It turns out, as we heard the story from this lovely lady, that our family on my father’s side did want to know us, but didn’t know how…I will never know the details of that longing. My father made few attempts to see us after the divorce, and, I suppose, lost track of us…even though we grew up close by. My mom lived in the same house a county away for nearly 40 years, an address my father knew. All my wonderings about this will never be satisfied. My paternal grandparents, my father, and his siblings are all gone now.

However, there is hope in these situations, I am finding, and it doesn’t just happen to other people.

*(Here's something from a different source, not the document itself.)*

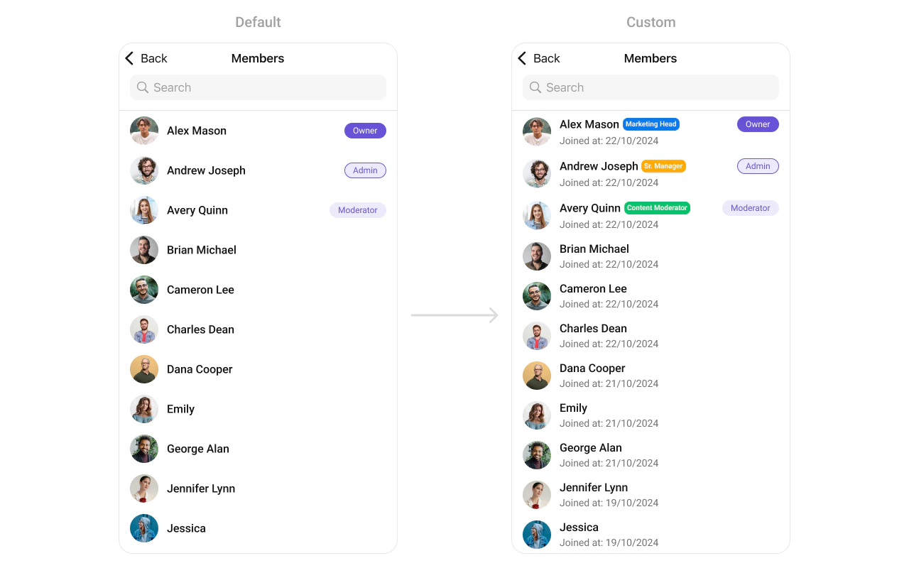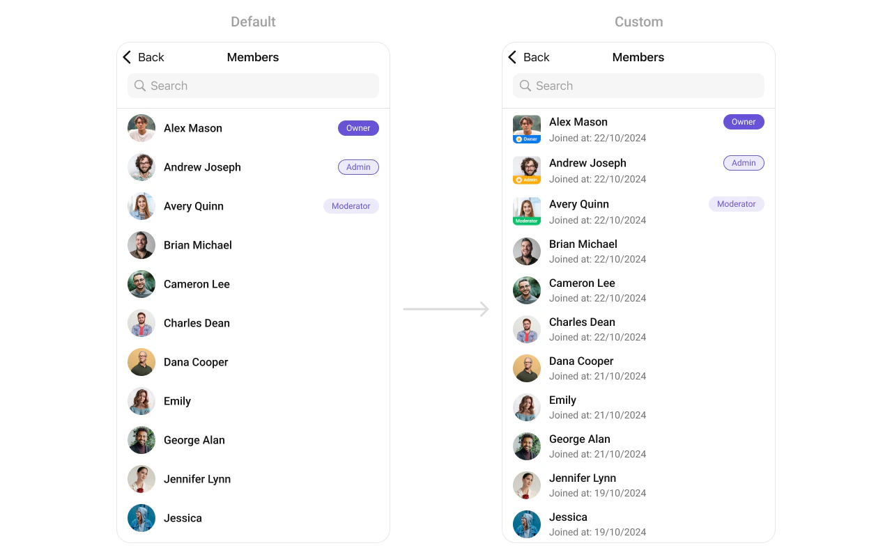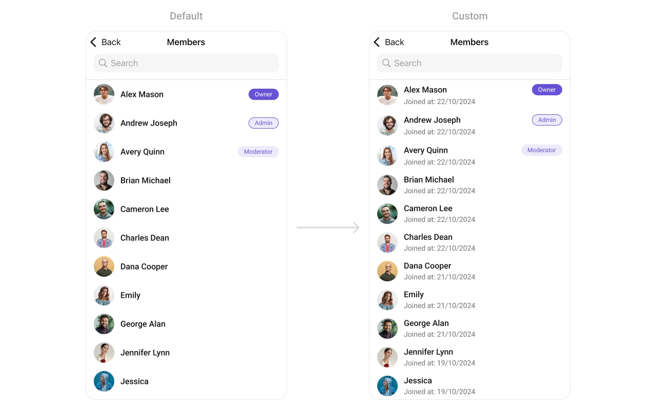 - You can customize the subtitle view for each GroupMembers item to meet your requirements

Mrs. Betty Anne, this dear cousin of Aunt Pauline, tracked us down.  In our visit with her, we talked about the family we shared that she knew well and we didn’t at all. She said our father was a good man. He always dressed well, and was handsome and charming. He didn’t work much (which we knew from our mom’s account), but he was a good man, she would say often.

What was bittersweet, during this long-awaited “re-acquaintance”, was how she talked about our aunt and how she had wanted to know us. She was 97 when she died this Spring, and probably wasn’t internet-search-savvy. We would have been easy to find really…but it did not happen. I regret her loss, and our own…to not know each other.

Now, weeks after this first visit, I’m continuing to learn about my other family through Mrs. Betty Anne. She’s been a kind and generous historian, sharing pictures of family and telling us stories about them. People we don’t know and yet are as close a relative to us as she is to them. It’s been both a joyful and peculiar experience.

I have two first cousins in Athens, Georgia, and am planning to write them. Hopefully they won’t think that too strange after all these years. I wonder what they knew of us…yet, without interest.  Maybe they knew nothing of us, as we didn’t them. I’d like to at least change this now.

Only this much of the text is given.